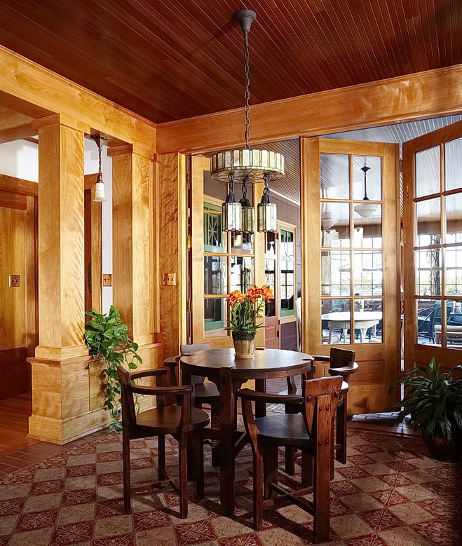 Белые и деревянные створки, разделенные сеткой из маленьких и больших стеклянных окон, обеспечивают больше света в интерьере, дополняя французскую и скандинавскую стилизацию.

# # # #

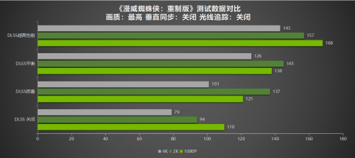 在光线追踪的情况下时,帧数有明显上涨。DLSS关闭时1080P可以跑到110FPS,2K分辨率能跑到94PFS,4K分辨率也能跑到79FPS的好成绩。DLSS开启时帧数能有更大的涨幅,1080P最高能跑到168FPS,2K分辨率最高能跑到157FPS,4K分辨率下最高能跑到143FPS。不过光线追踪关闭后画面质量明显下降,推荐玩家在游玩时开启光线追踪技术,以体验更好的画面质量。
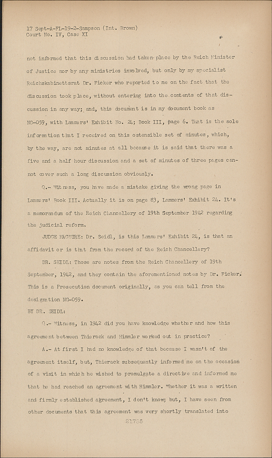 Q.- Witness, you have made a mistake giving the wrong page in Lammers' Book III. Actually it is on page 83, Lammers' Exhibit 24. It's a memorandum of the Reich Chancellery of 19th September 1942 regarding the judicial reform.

# # # #

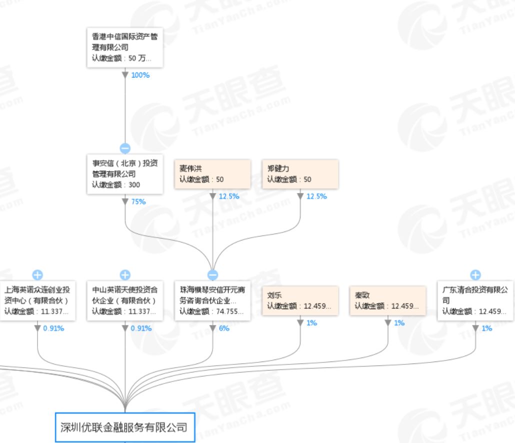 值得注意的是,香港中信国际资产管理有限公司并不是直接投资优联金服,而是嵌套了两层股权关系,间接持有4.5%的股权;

# # # #

Task: Return the material from the line containing "在光线追踪的情况下时,帧数有" through the line containing "Q.- Witness, you", exactly and in full, but without its pictures.

Answer section:
 在光线追踪的情况下时,帧数有明显上涨。DLSS关闭时1080P可以跑到110FPS,2K分辨率能跑到94PFS,4K分辨率也能跑到79FPS的好成绩。DLSS开启时帧数能有更大的涨幅,1080P最高能跑到168FPS,2K分辨率最高能跑到157FPS,4K分辨率下最高能跑到143FPS。不过光线追踪关闭后画面质量明显下降,推荐玩家在游玩时开启光线追踪技术,以体验更好的画面质量。
 Q.- Witness, you have made a mistake giving the wrong page in Lammers' Book III. Actually it is on page 83, Lammers' Exhibit 24. It's a memorandum of the Reich Chancellery of 19th September 1942 regarding the judicial reform.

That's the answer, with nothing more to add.